15 November 2010

A Monster Calls

Siobhan Dowd only started writing books towards the end of her life. A Swift Pure Cry came out in 2006. It’s a compassionate story of teen pregnancy. The London Eye Mystery was a hit of 2007. She died of cancer in that same year with two more novels written and the beginnings of a third. Bog Child, which is my favourite, won the Carnegie Medal. Solace of the Road came out in 2009.

The notes for the third were handed over to Patrick Ness. He was given the job of forming a story from them. The book he has written will be out next year. I like the title, a lot.
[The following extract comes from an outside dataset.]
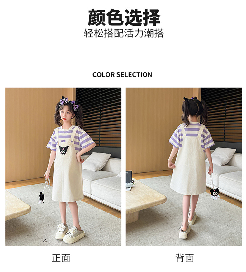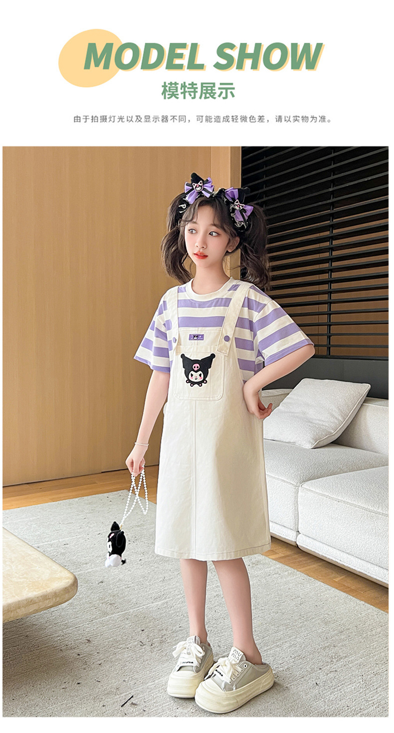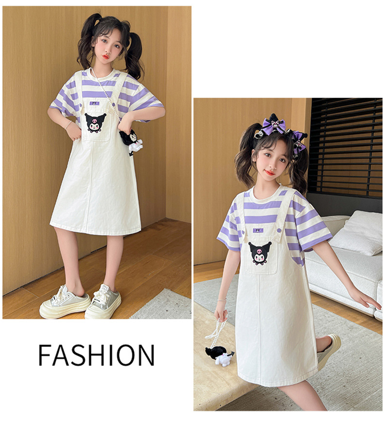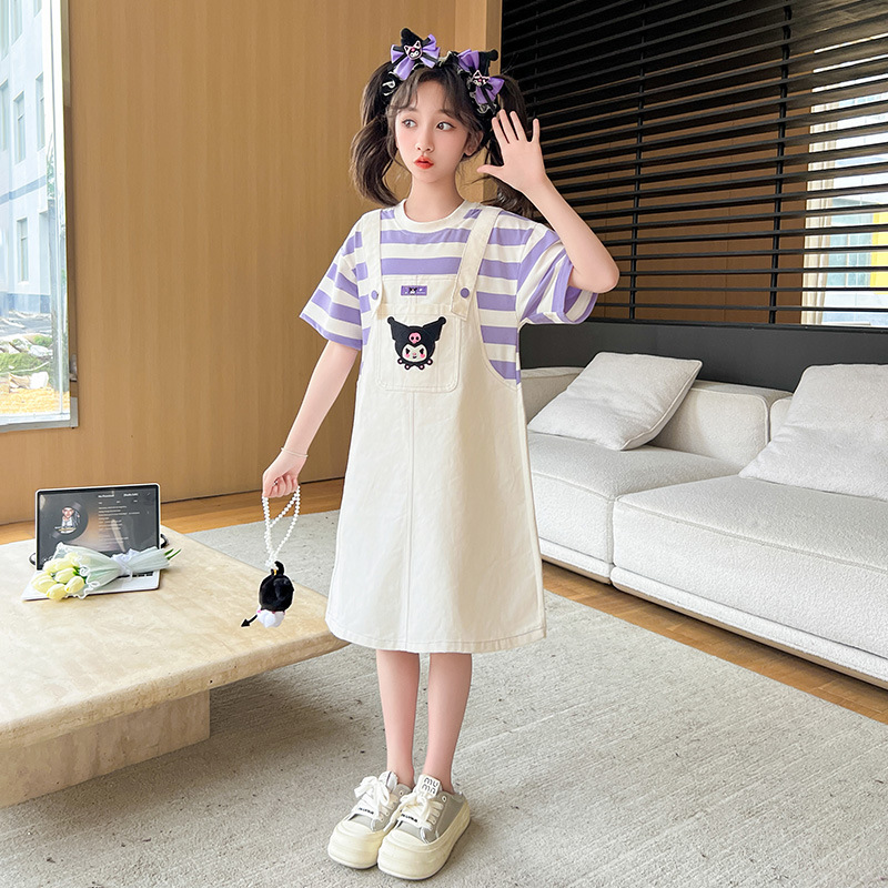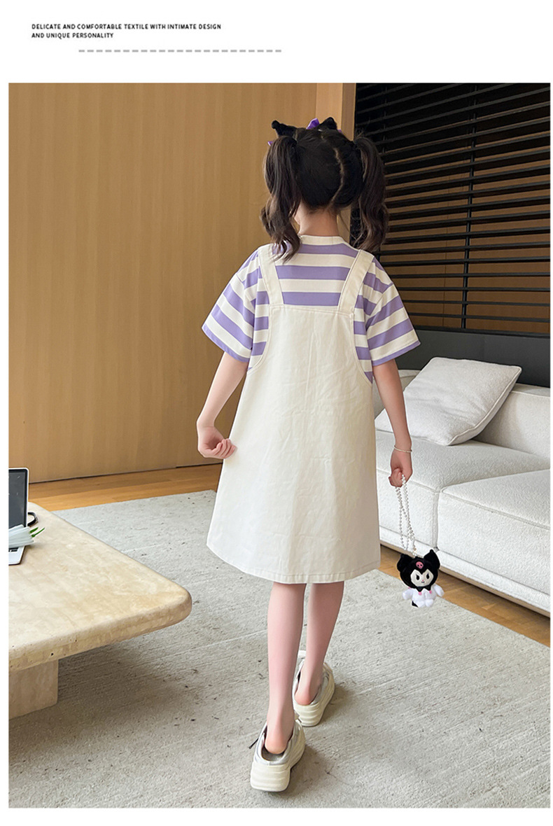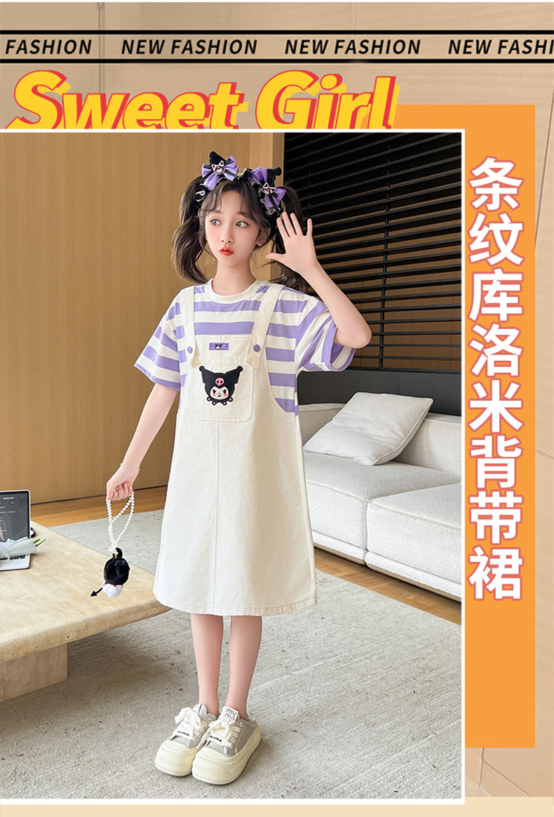 Kouromi 원피스 소녀의 가짜 투피스 스트랩 원피스 여름 원피스 서양식 어린이 반팔 옷 여성 중 큰 어린이 치마

Siobhan Dowd’s battle with cancer seems to have arisen in the story of A Monster Calls. From the blurb:

The monster showed up just after midnight. As they do. But it isn’t the monster Conor's been expecting. He's been expecting the one from his nightmare, the one he's had nearly every night since his mother started her treatments, the one with the darkness and the wind and the screaming... The monster in his back garden, though, this monster is something different. Something ancient, something wild.

Patrick Ness has been getting loads of fans for his Chaos Walking trilogy. Read his hard-driven, violent, stories and Ness might seem a strange choice to handle any project begun by the more restrained, contemplative, Dowd. But then, wonderful things can result when contrasting favours are mixed.